Supplied data section start

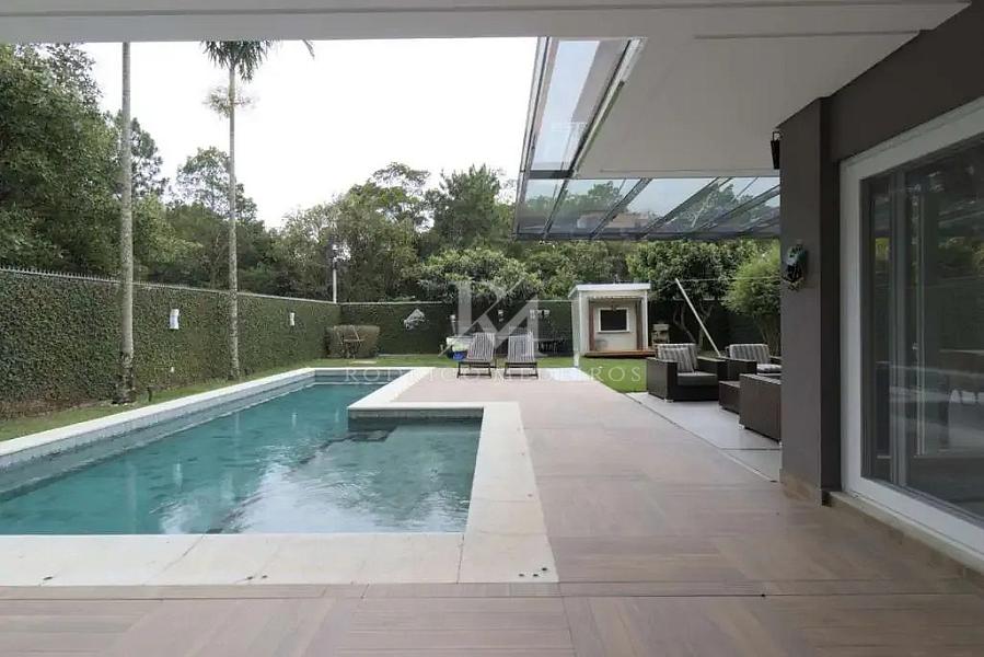 Na área externa, o cenário é ainda mais especial. A residência faz divisa com área de preservação, proporcionando uma atmosfera de tranquilidade e conexão com a natureza. O espaço de lazer foi cuidadosamente planejado, com piscina com raia, jardim amplo e espaço gourmet integrado — ideal para momentos de convivência e experiências memoráveis.
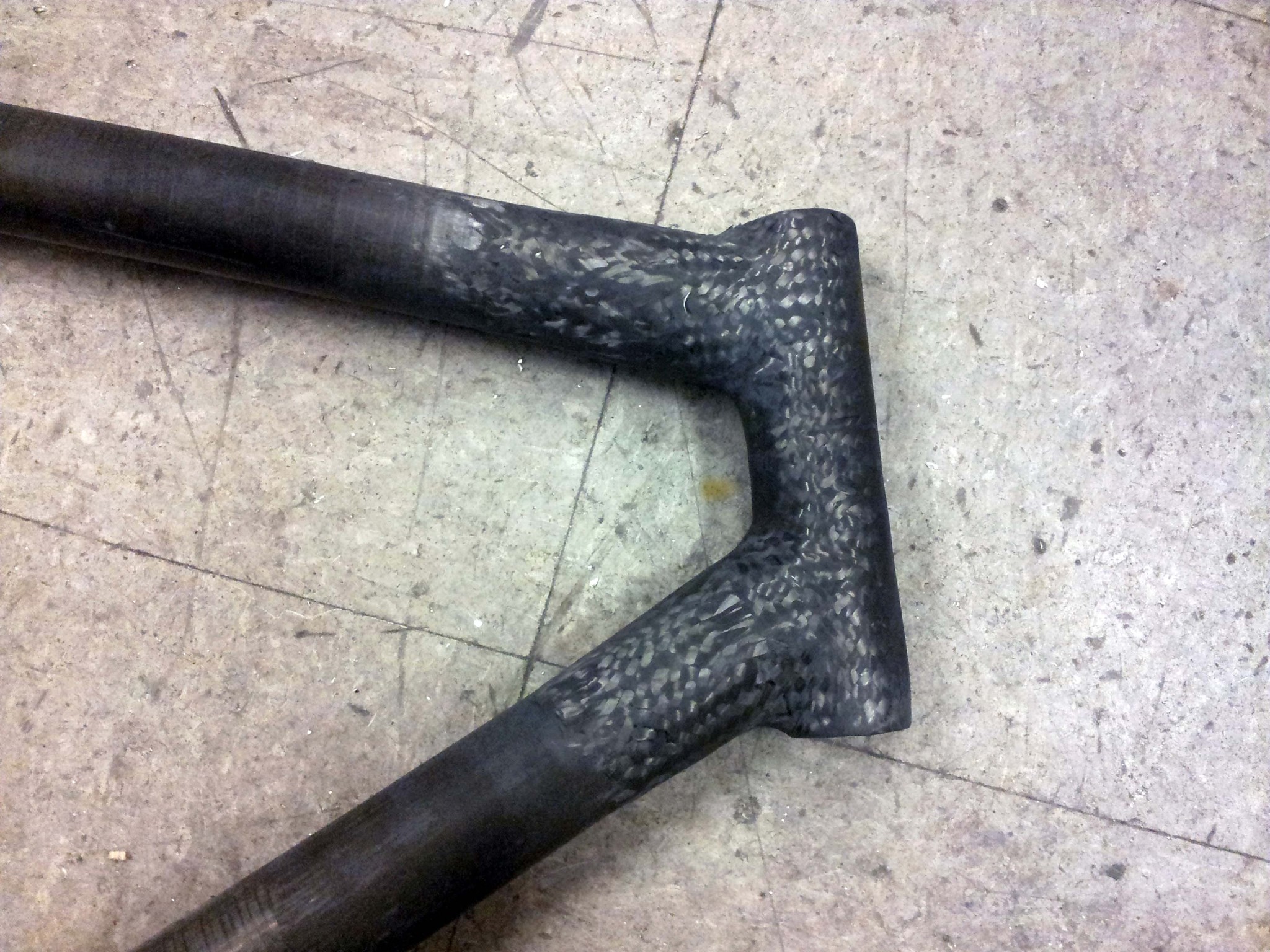 I made the seatstays using pretty much the same process as I did for the chainstays, but with carbon fiber cloth instead of bundles of tow. I plan on adding an aluminum insert for the rear brake to clamp into.
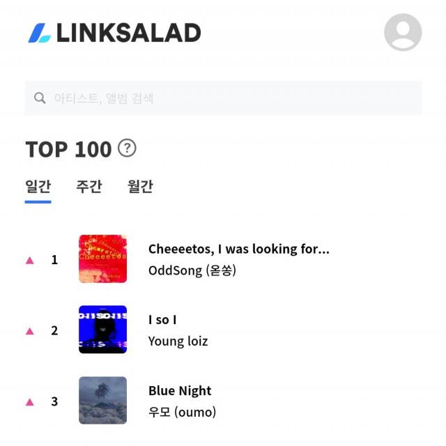 옫쏭의 정규 3집 앨범 'Cheeeetos, I was looking for'가 LINKSALAD 일간 차트 12월 5일 1위를 달성했다.

Supplied data section end

Activity: The answer is to be the lines from the line that contains "I made the seatstays" through the last line of the material, retyped exactly, both included, with pictures left out, please.

Your response:
 I made the seatstays using pretty much the same process as I did for the chainstays, but with carbon fiber cloth instead of bundles of tow. I plan on adding an aluminum insert for the rear brake to clamp into.
 옫쏭의 정규 3집 앨범 'Cheeeetos, I was looking for'가 LINKSALAD 일간 차트 12월 5일 1위를 달성했다.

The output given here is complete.